Glenveagh Properties, which last week became the second Irish homebuilder to float in the past two years, has seen the proceeds from its initial public offering (IPO) rise to €550 million, after brokers involved in the deal completed an option to issue an additional €50 million of shares.
Strong demand for the stock since the IPO last Tuesday has allowed the brokers in Credit Suisse to place the additional shares. These had been allocated last week but held back to ensure that there was a stable market immediately following the deal.
The additional shares – known as an over-allotment – were sold at €1 each, the IPO price, leaving the investors immediately in the money, as the stock closed at almost €1.13 on Tuesday.
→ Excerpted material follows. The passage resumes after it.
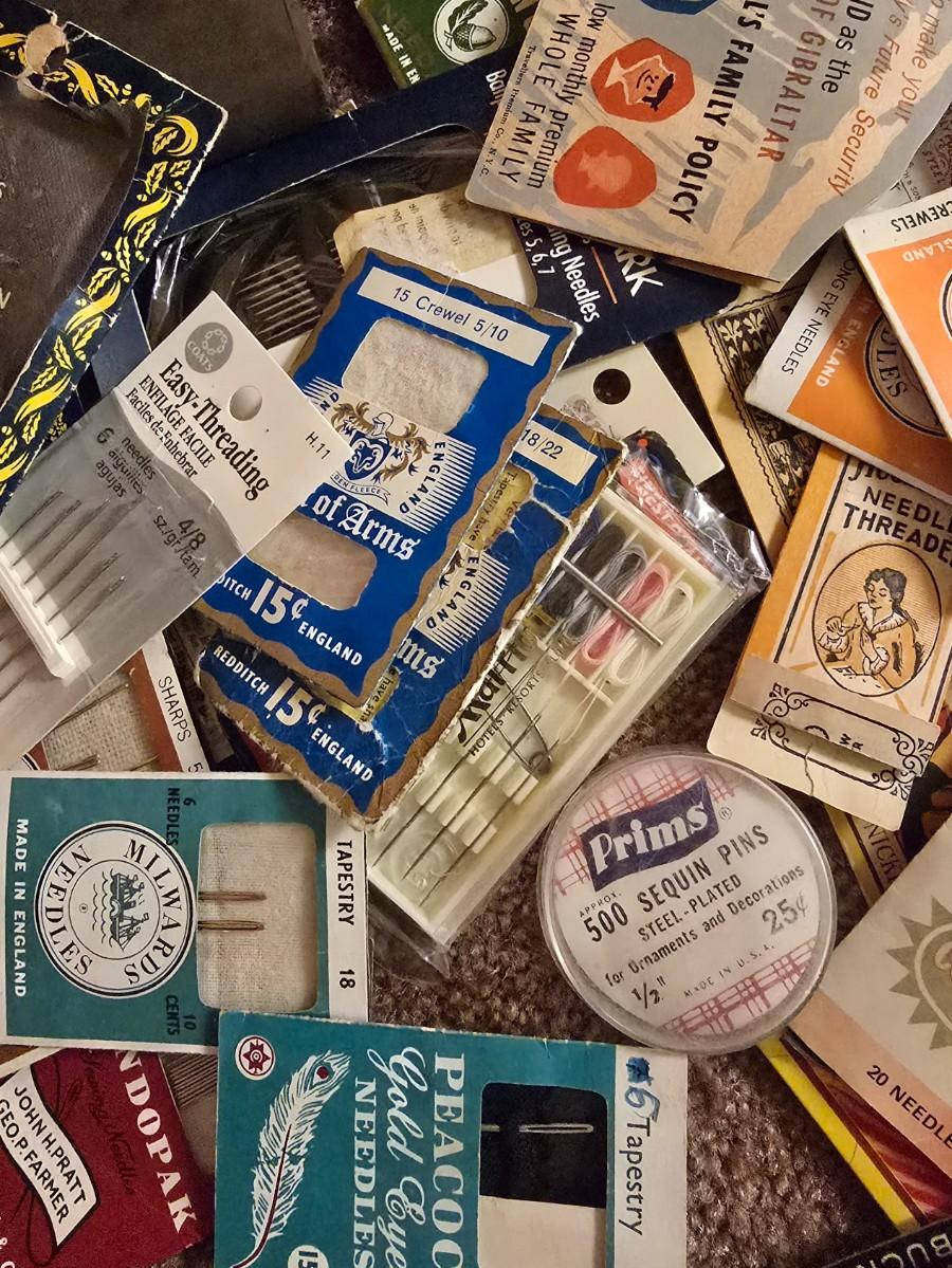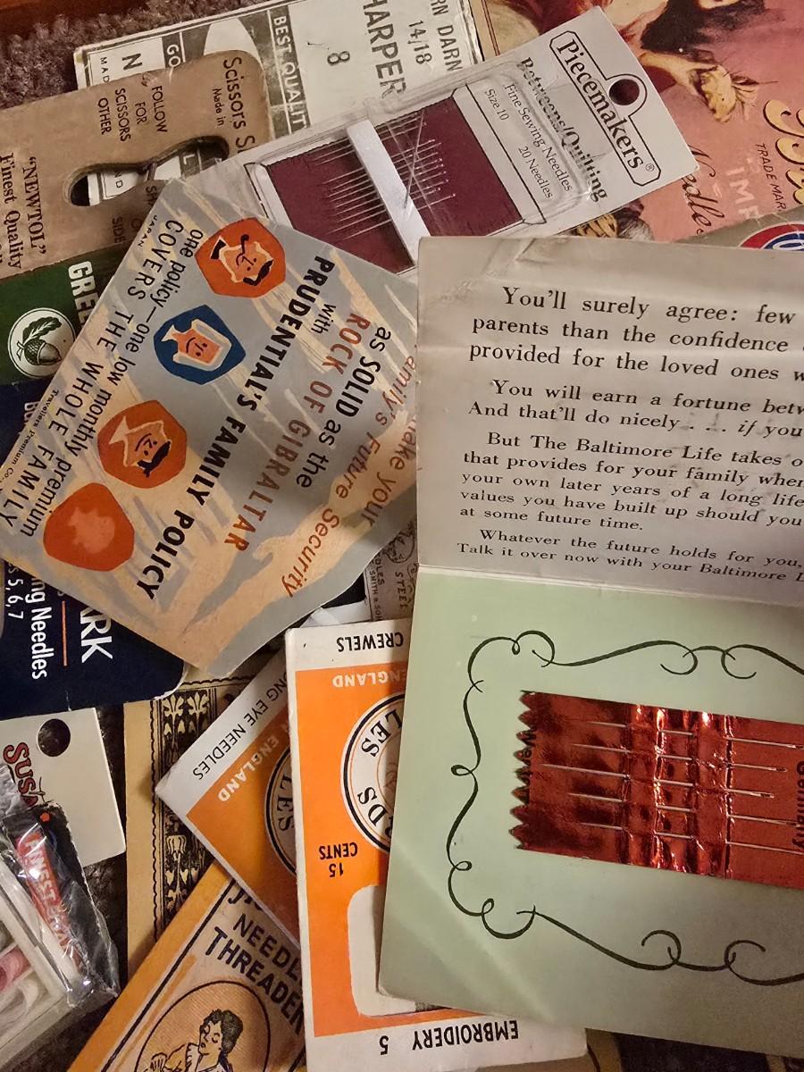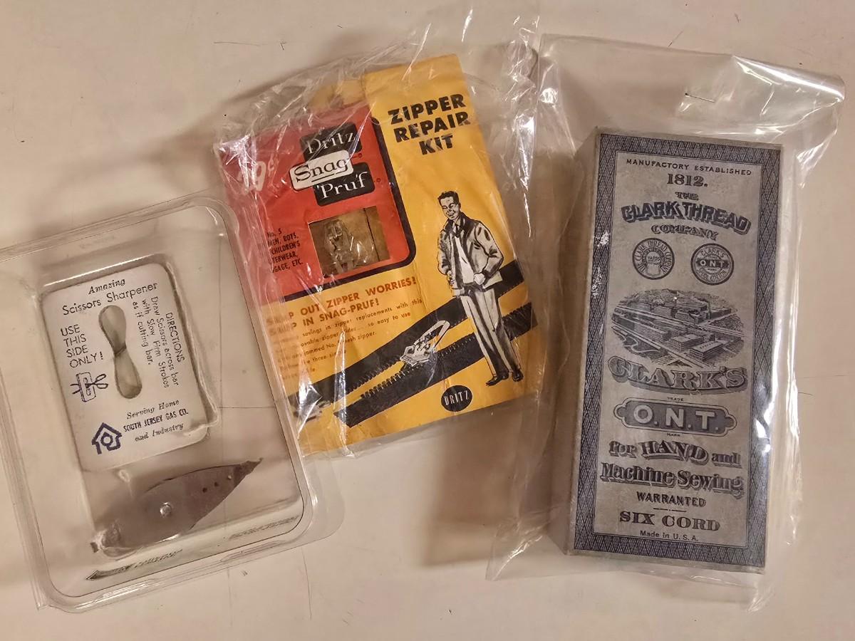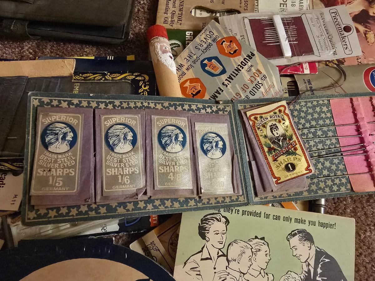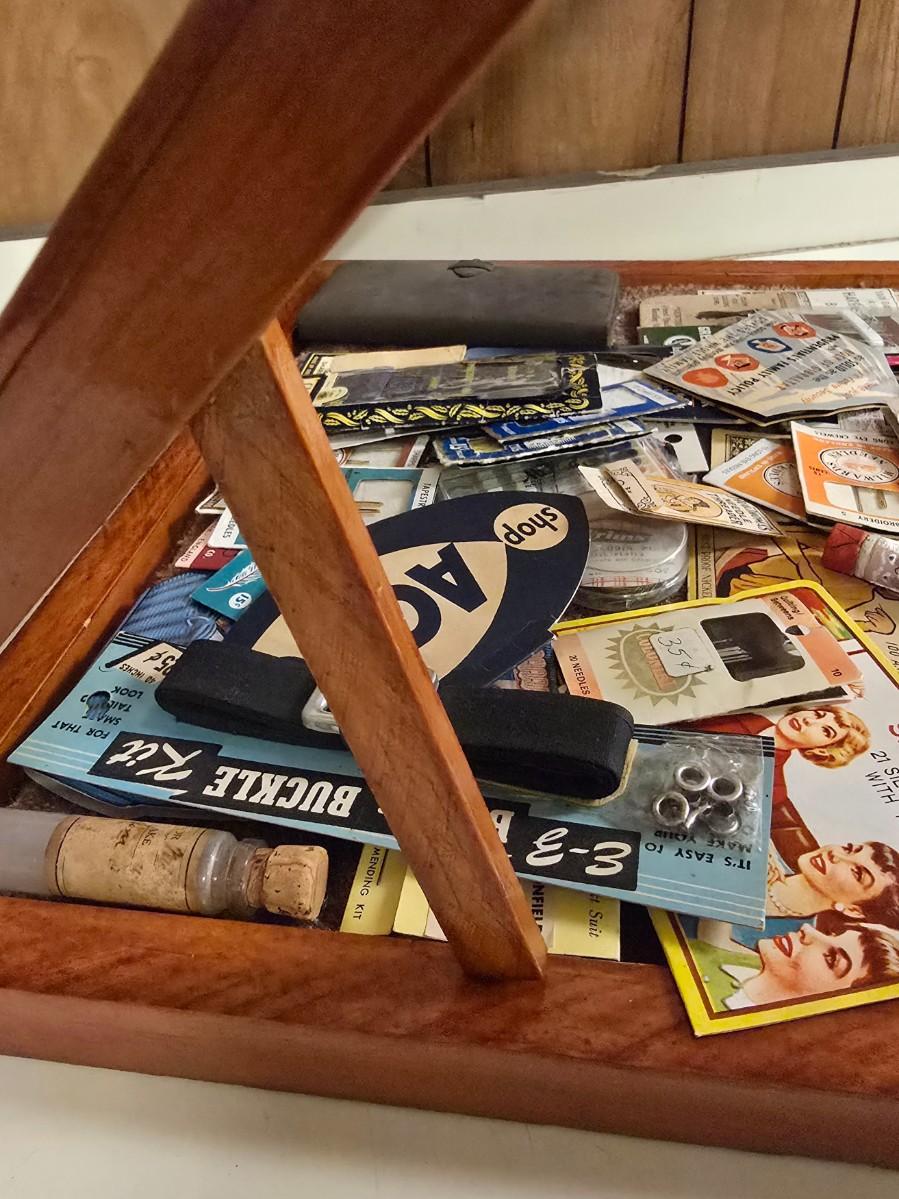 LOT 23s: Display Cases with Antique/Vintage Advertising Sewing Notions and Handcrafted Resin Jewelry

Glenveagh, formed from the combination of residential development sites accumulated by US private equity firm Oaktree following the Irish property crash, and the assets of Maynooth-based builder Bridgedale, floated last week with 1,700 "shovel ready" units. It plans to build at least 1,000 homes a year by the end of the decade.
The placement of the over-allotment has seen the stake of Oaktree dip from 17.9 per cent to 16.5 per cent, while the Singapore sovereign wealth fund GIC's holding dropping to 9.4 per cent from 10.2 per cent. The 4.9 per cent stake held by both Fidelity International and JP Morgan declined to 4.5 per cent.